Let $c$ be a complex number. Consider the family of $n\times n$ matrices $M_n$ which have $c$'s on one off-diagonal, $\bar{c}$'s on the other off-diagonal, and zero everywhere else.
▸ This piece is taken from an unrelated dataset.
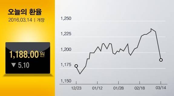14일 오전 9시 17분 현재 서울 외환시장에서 원달러 환율은 전날보다 3.6원 내린 1189.5원에 거래되고 있다. 이날 원달러 환율은 전날보다 5.1원 내린 1188.0원에 거래가 시작됐다. 원화가 장중 1180원대로 내려온 것은 지난달 11일(1189.0원) 이후 한 달여 만이다.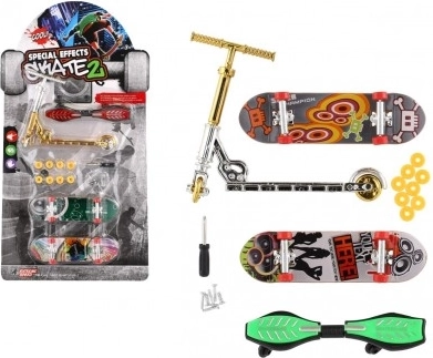 - 2× mini monopatín, 1× scooter de dedo, 1× waveboard, ruedas, tornillos, mini destornillador

So $M_4$ looks like this:$$\left(\begin{array}{cccc}0&c&0&0\\\bar{c}&0&c&0\\0&\bar{c}&0&c\\0&0&\bar{c}&0\end{array}\right)$$How does one find a general formula for the operator norm of $M_n$?

Answer 1

Write $c=\alpha|c|$, with $|\alpha|=1$. Then $$ M_4=|c|\,\begin{bmatrix} 1&0&0&0\\ 0&\alpha&0&0\\ 0&0&\alpha^2&0\\ 0&0&0&\alpha^3\end{bmatrix} \begin{bmatrix} 0&1&0&0\\ 1&0&1&0\\ 0&1&0&1\\ 0&0&1&0 \end{bmatrix} \begin{bmatrix} 1&0&0&0\\ 0&\alpha&0&0\\ 0&0&\alpha^2&0\\ 0&0&0&\alpha^3\end{bmatrix}^*, $$ and so $M_4(c)$ is unitarily equivalent to $|c|\,M_4(1)$. Thus we only need to determine the spectrum of $M_4(1)$. The same argument applies for $M_n$ for any $n$.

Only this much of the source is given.